O produtor de pranchas australiano Mike Bilton, único que cria versões led em escala comercial, teve o mesmo problema na hora de desenvolver um protótipo. 

"Nos projetos mais recentes, as luzes acabaram ficando na parte de baixo da prancha, o que ilumina um pouco, ou seja, você estando na onda consegue enxergar, mas o desafio inicial de ver a onda vindo continua", explica. 

Colisões noturnas

Porém, para Igel os bastões são mais que suficiente. E a luz que deles emanava era o único sinal dele ao entrar na água, pegar a onda, fazendo curvas em "s", e saindo antes que fosse jogado na areia. E imediatamente começou a voltar para o ponto de partida. 

Após vinte anos de surfe noturno, ele já se acostumou a situações perigosas. Relembra colisões e uma onda-surpresa de quase quatro metros que deu um caldo "daqueles", nele e em um amigo. Incidentes assim, porém, nunca o impediram de continuar com as escapadas noturnas algumas vezes por mês. 

Para esse ex-navegador de navio, estar no mar sob o manto da escuridão é tão natural quanto respirar. 

"Não é só para tentar evitar o mar cheio. Tem um clima que é difícil explicar", confessa. 

Consigo ter uma ideia dessa beleza meio fantasmagórica entre uma onda e outra. 

O agitar das mãos deixava um rastro dentro da água – que Igel chama de "poeira de duende" – por causa da fosforescência. As estrelas brilhavam. Os faróis dos poucos carros que passavam se refletiam nas nuvens baixas e pesadas. 

“Devorado sob as estrelas”

Apesar de todo esse fascínio, o surfe noturno está ligado à tragédia. 

Em 27 de outubro de 2015, quando a noite começava a cair, Alec Cooke saiu remando na Baía Waimea, em Oahu, Havaí. Depois que o alerta de seu desaparecimento foi dado, o grupo de resgate encontrou apenas sua prancha à deriva. 

Três dias depois, o corpo de Kenneth Mann, mestre lixador conhecido por pegar ondas noturnas, foi encontrado preso à sua prancha em Encinitas, na Califórnia. 

O capitão salva-vida da praia, Larry Giles, disse tê-lo visto correndo com a prancha, mais ou menos uma hora antes do pôr do sol, no dia anterior. Não se sabe o que aconteceu depois ou quando Mann se afogou. 

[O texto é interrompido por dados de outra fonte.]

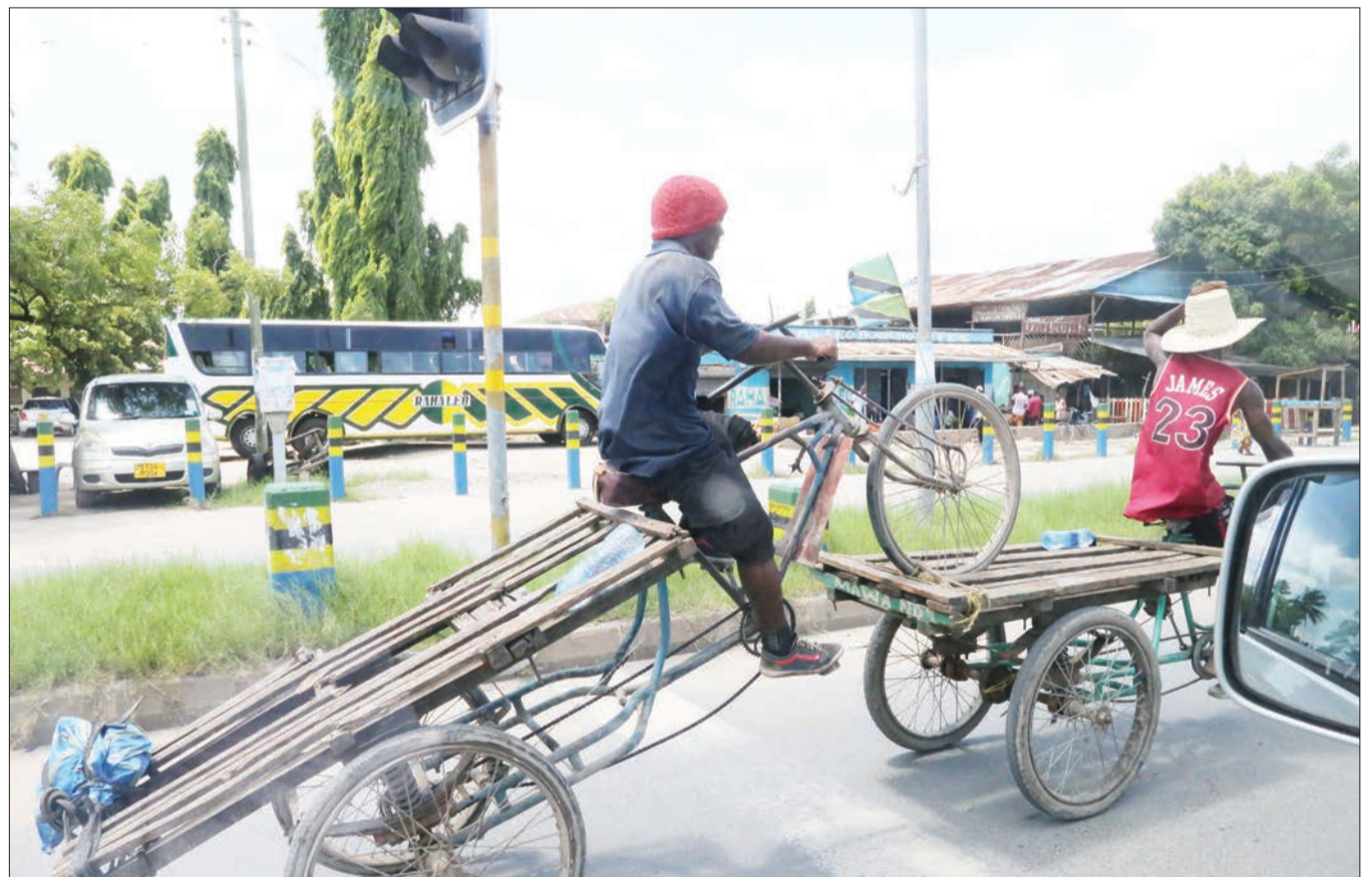
Mwendesha guta akipewa msaada wa kuvutiwa mkokoteni wake baada ya kuharibika na kushindwa kutembea eneo la Manzese hivi karibuni.

Por causa da falta de luz, é comum que os olhos do surfista lhe preguem peças: é só alga, é algo perigoso ou... ? 

"Os tubarões fazem parte do surfe noturno, mesmo não estando fisicamente ali. Você fica pensando neles o tempo todo", confessa James McDonald, que se juntou a Igel na hora de contar "causos", mas não entrou na água naquela noite. 

Meio brincando, acrescentou que, se tivesse o azar de dar de cara com um, queria um epitáfio espetacular, do tipo: "Devorado por um grande tubarão branco enquanto surfava sob as estrelas". 

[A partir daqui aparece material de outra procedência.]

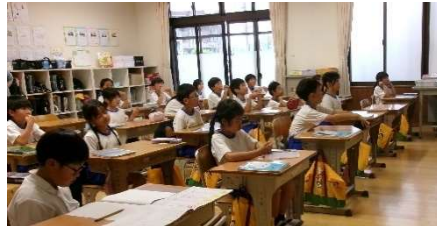
5月21日(木) 学校訪問 (庄原小)

Brad Benter, que também faz parte do grupo de surfistas noturnos de San Diego, disse ter visto uma vez uma nadadeira dorsal a uns trinta metros de onde estava, sob a lua cheia, por volta das quatro e meia da manhã. Hoje em dia usa uma tornozeleira que "repele" os bichões, embora não ponha muita fé em sua eficiência. 

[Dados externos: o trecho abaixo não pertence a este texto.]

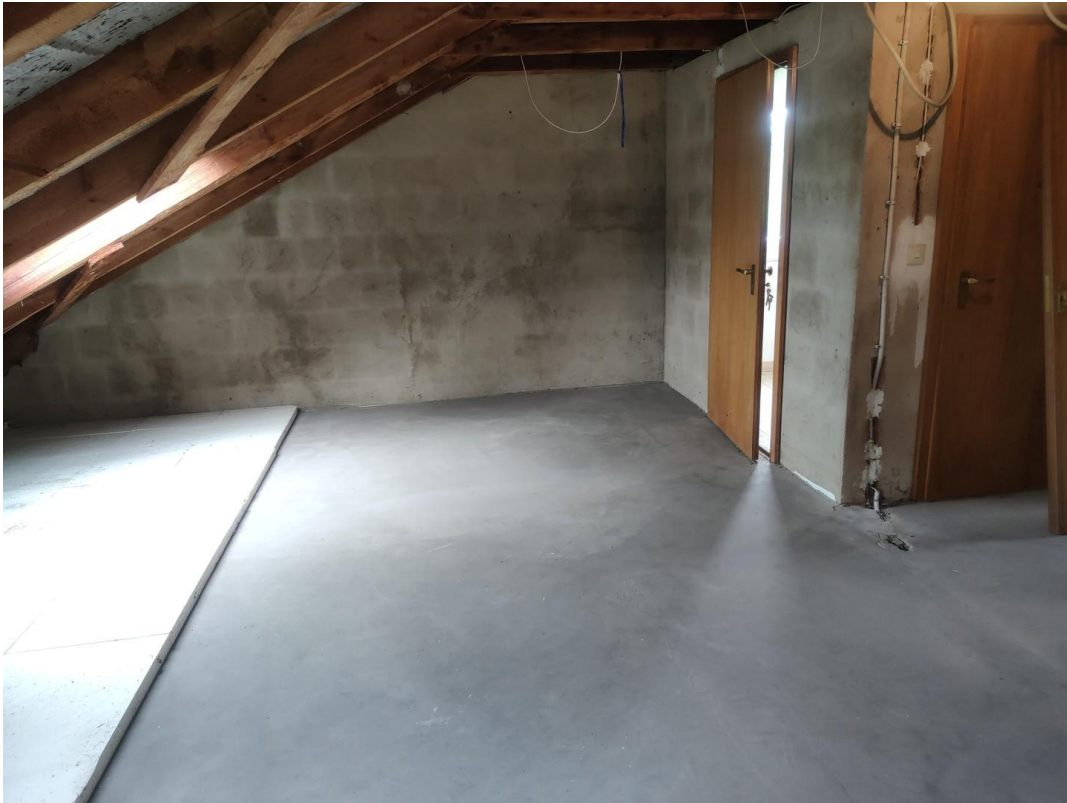
Dachboden Türen innen

Apesar disso, para os praticantes, o fascínio é irresistível. 

"Depois de um tempo os olhos se acostumam e, embora seja meio complicado enxergar, dá para pegar a onda, sim. E dá a impressão de que o lance dura uma eternidade. O tempo parece parar", explica McDonald. 

História

O surfe noturno não é novidade. Um artigo da revista Collier, de 1909, falando sobre o surfe no Havaí, descrevia o festival anual de Waikiki, no qual os surfistas usavam lanternas de acetileno. Em 1969, o havaiano Jock Sutherland, supostamente depois de consumir LSD, surfou ondas monstruosas, de mais de seis metros, em Waimea Bay, bem depois do sol se pôr, segundo Matt Warshaw, autor de "The History of Surfing". 

"Nos anos 60, os jovens saíam de vez em quando porque os ingredientes estavam todos ali: verão, água quente, luz da lua; mais tarde, se tornou uma maneira de escapar do excesso de gente, mas já nem sei se isso vale para os locais mais badalados", diz o escritor. 

De volta à aventura à meia-noite, Igel pega uma onda que surgiu em meio à escuridão. 

"Parece que essa é das boas!", disse antes de se afastar.